UH professor finds new method to improve strength of silicone-based devices

A new method improving the bonding strength of silicone-based materials could enhance the durability and performance of soft biomedical devices, wearable technology, and soft robots.

Silicone elastomers — rubbery, gel-like materials made from silicone — are used in items such as artificial muscles, flexible medical implants, and fitness trackers. These devices need to bend, stretch, and move with the human body without deteriorating over time.

They are also widely used in soft devices because they are flexible, chemically stable, and compatible with human tissue. However, a key challenge in their use has been controlling how well layers or components adhere during manufacturing, particularly when curing temperatures and durations vary.

In a new “Science Advances” study, published July 16, lead author and University of Hawaiʻi at Mānoa Department of Mechanical Engineering Assistant Professor Te Faye Yap and her co-authors developed a new framework to predict how well silicone materials will adhere by examining curing time and temperature.

Bonding too late results in a weak connection because the materials lack sufficient chemical interaction to hold together, while bonding at the right time creates stronger, more durable joints.

“Strong, consistent bonding is crucial to prevent leaks and device failure,” Yap said. “This framework expands the design and fabrication toolkit for silicone elastomeric devices — an advancement that aligns with the College of Engineering’s vision for on-island advanced manufacturing and innovation in Hawaiʻi.”

This method helps identify when a material will fail by peeling or breaking, allowing manufacturers to adjust curing and bonding processes to mitigate the risk of devices coming apart.

While a Ph.D. student at Rice University, Yap and her co-authors built soft robotic parts using the new method.
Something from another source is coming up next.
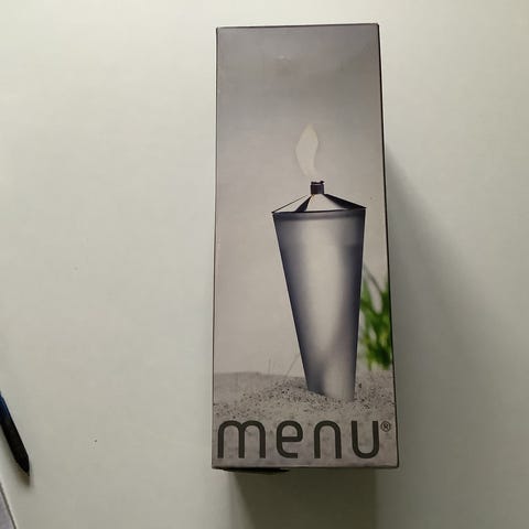 Menu udendørs fakkel. Designet til at give en behagelig atmosfære i haven eller på terrassen. Faklen er lavet af glas.Glasset er håndlavet med usædvanlig tyk væg. Dette giver den nødvendige styrke til udendørs brug. Den har en elegant kegleform og kan bruges til at skabe stemningsfuld belysning.

The silicone parts curved 50% more, and 3D-printed pieces adhered better than usual.

The model worked well even when curing temperatures were changed to speed up production or enable printing.

The research offers valuable guidance for building silicone devices using both molding and 3D printing. This straightforward and generalizable method can make soft devices stronger and more reliable and has the potential to shape future advances in flexible electronics and 3D-printed technology.